Turner made an attempt to date the inscription through a combination of historical and paleographic evidence, comparing the state of the writing with other inscriptions, particularly some recorded by Richard Pococke in Cyprus in 1743 and inscriptions found at “Marseilles, Carthage, Citium, Malta, Athens, and most of the coins of Phoenicia and the neighboring regions to the north.” The chief point of this discussion was to emphasize the significance of the inscription’s having been found in “Phoenicia proper.”

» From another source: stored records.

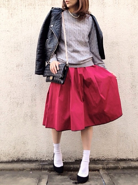 赤のスカートで女性らしさアップなコーデ◎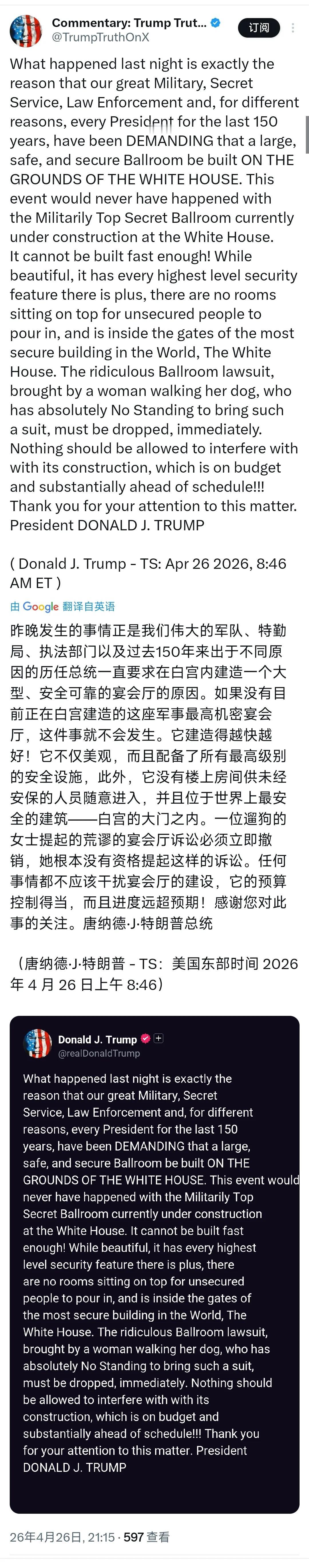 特朗普还是吃醋了,在发出赞扬特勤局的帖文后不久,又批评特勤局为什么先救副总统而不是总统?这让他非常不开心。其实枪击现场视频发出后,好事的美国网民已经发出了同样疑问。在随帖中一美国网民的回复点赞量最多,“原因很简单,总统久经枪击考验,而万斯只是首次,况且总统都已经80多岁了”。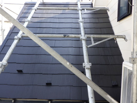 コロニアル屋根への日射反射(遮熱性)塗装(日本ペイント サーモアイSi)と、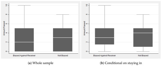 The above exercises held true when, instead of looking at the coarse measure of race of receiver, I looked at the finer measure of bias against one’s receiver. In Figure 4, I graph box plots for a further analysis of what happens when a dictator is biased against the race of the receiver. For these figures, that means both passing to a black receiver when biased against blacks () as well as passing to a white receiver when biased against whites ().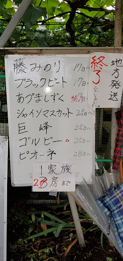Read more今日、『マイ・ハート』という名前のぶどうを買いました。味も良いけど、形が最高!👍👍👍 ここのぶどう、私も、孫も、すごく気に入っています。 実は、このすぐ近くに35年住んでいますが、こんな場所で作る(車が行き交う)ぶどうは、ちょっとと敬遠していました。5年ほど前、息子が買ったのを食べて、ファンになりました。 今年は、シャインマスカットとブラックビートを買いました。 大好きなぶどう園なので、地方の...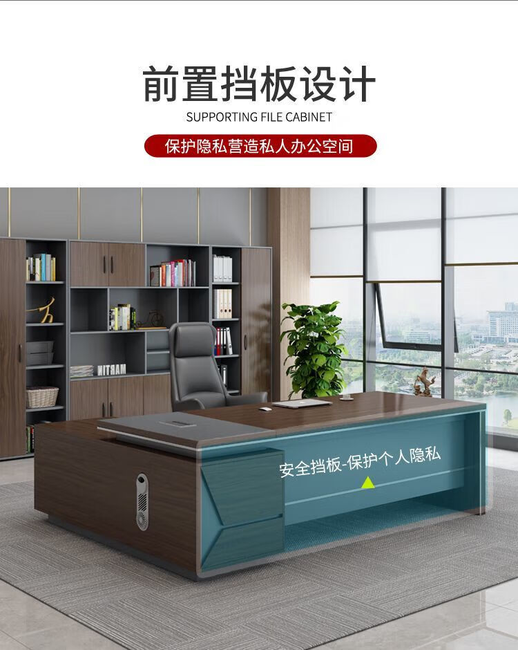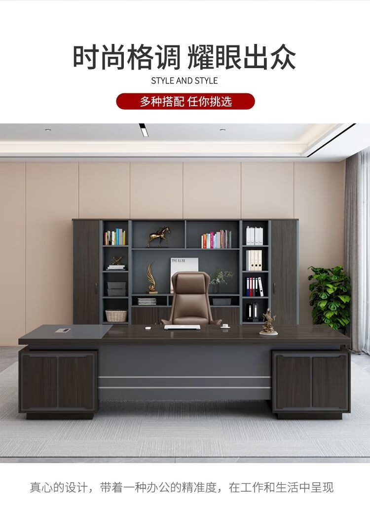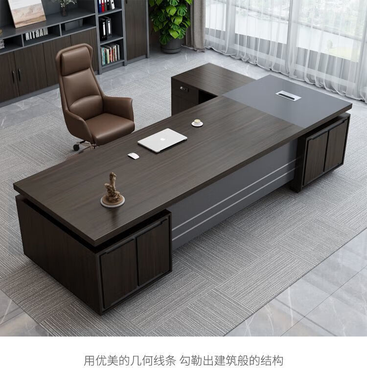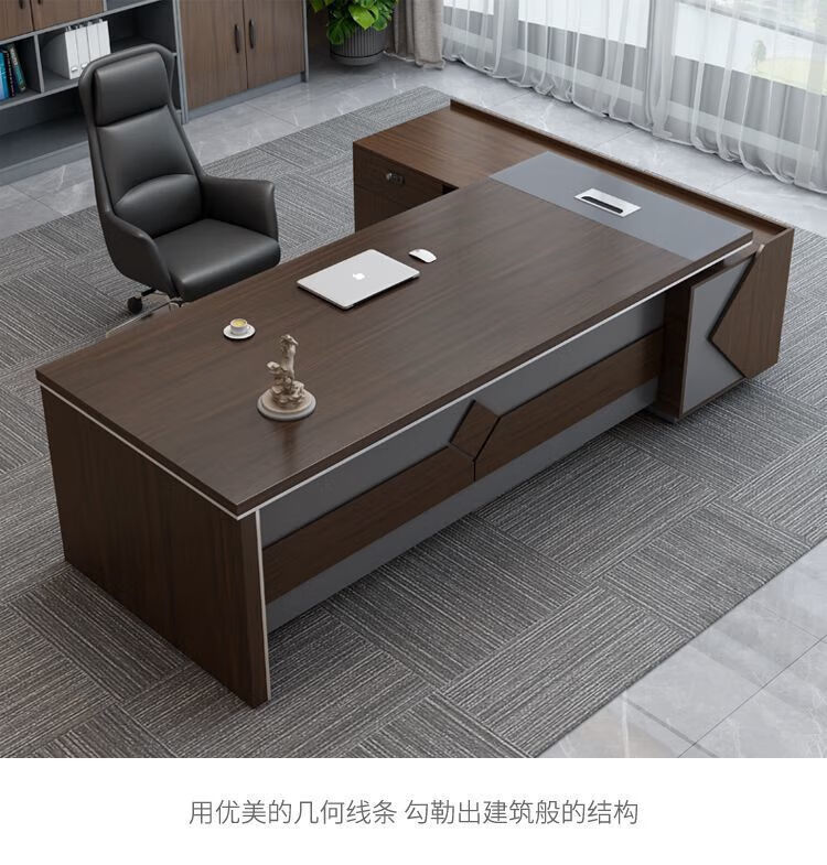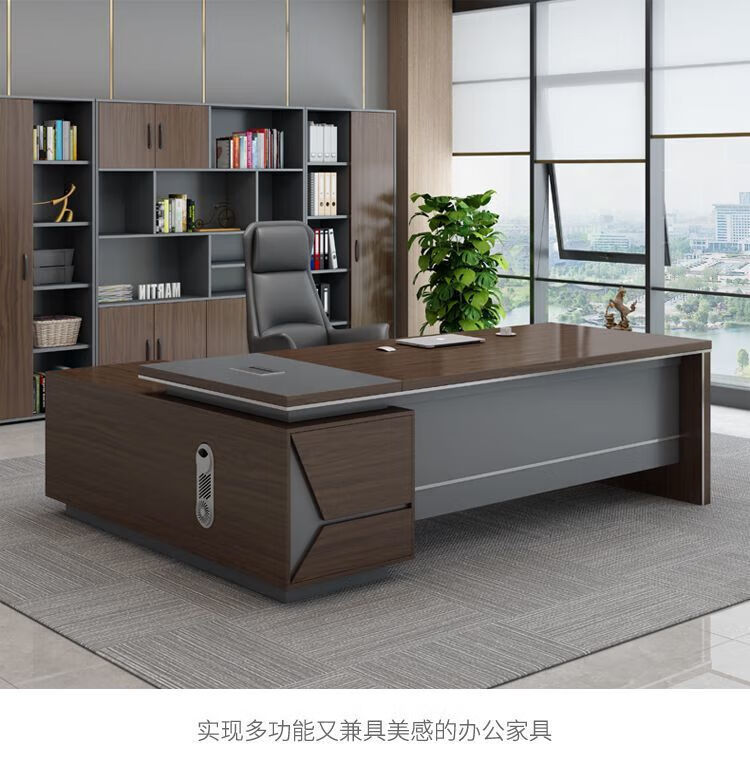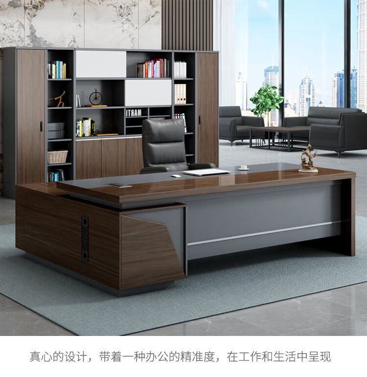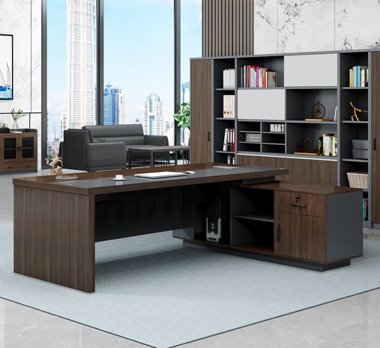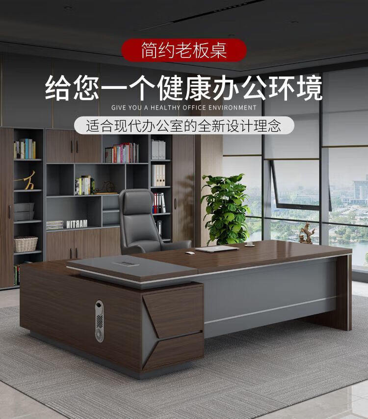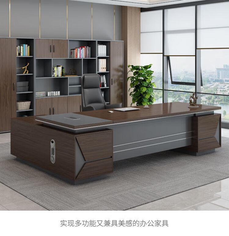 Desk Boss Desk President Desk Manager Executive Desk Chairman Single Executive Desk Double Cabinet Office Desk and Chair Combination 6020# (Walnut Color) 1.6m Boss Desk + Side Cabinet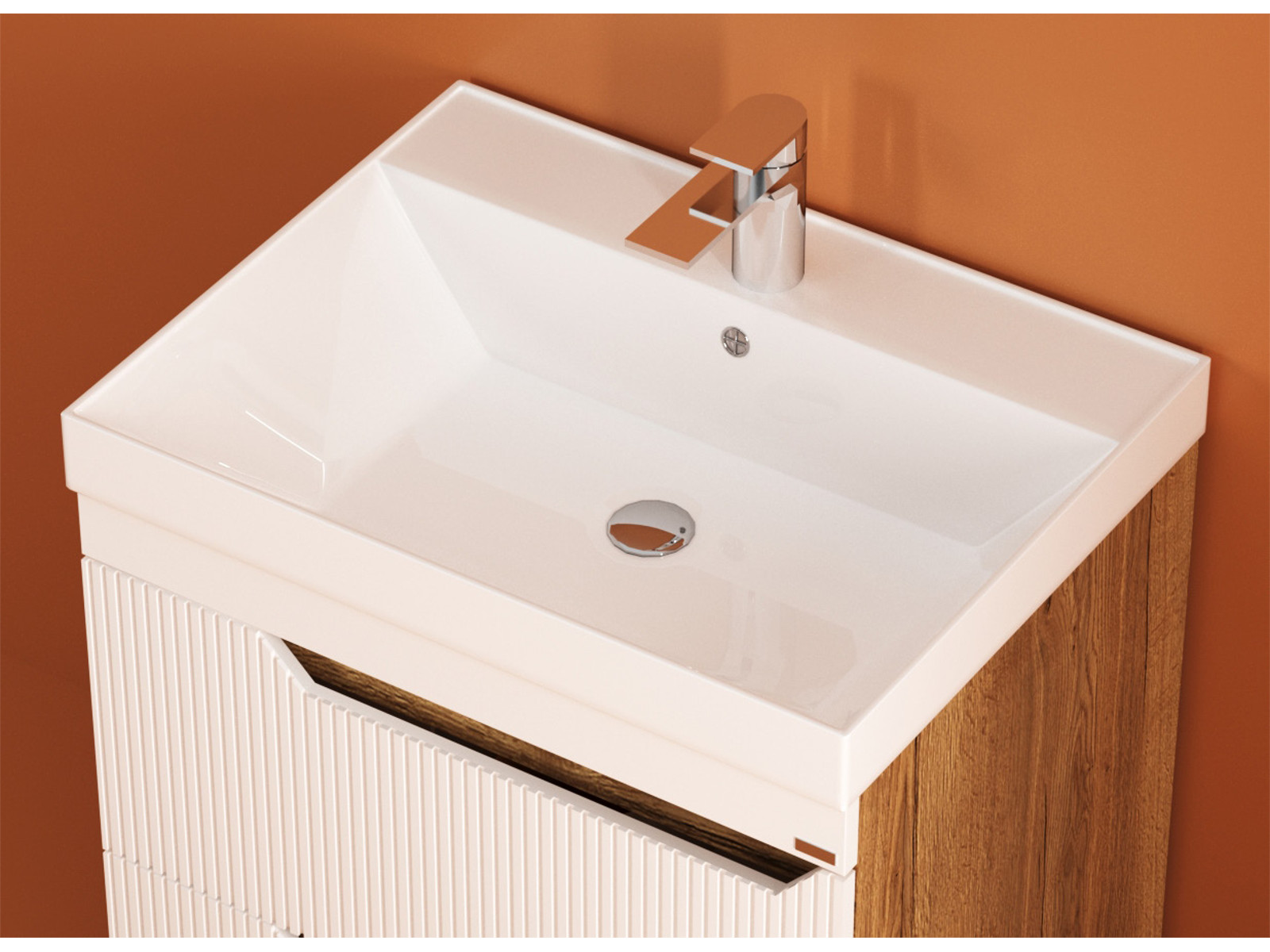 - Тумба Леон Риф 70 напольная 2 ящика раковина Слим 70 солярис/белый риф

Turner characterized the Phoenician language as close to biblical Hebrew and therefore useful as “a direct contribution towards elucidating the language of the Hebrew Scriptures.” The term biblical Hebrew designates an archaic branch of the Canaanite Semitic language in use by the tenth century BCE. He noted the absence of the matres lectionis (“mothers of reading”) and other details in the inscription’s orthography. Like the other scholars involved in these translations, Turner had not seen the original artifact, only the various reproductions of its inscription. But his work showed how rapidly epigraphic methods and historical analysis could advance given such a rich piece of evidence.
This first discovery of a Phoenician inscription in situ merits considerable attention because it profoundly changed historical knowledge and inquiry. Successive discoveries built a more complete picture of the history of the kings of Sidon, and with each new inscription, the inventory of letterforms increased along with the capacity of scholars to identify even the smallest variations among them. Meanwhile, other major discoveries shifted the geographic focus in exciting ways—to the ancient kingdom of Moab and to that most significant city, Jerusalem.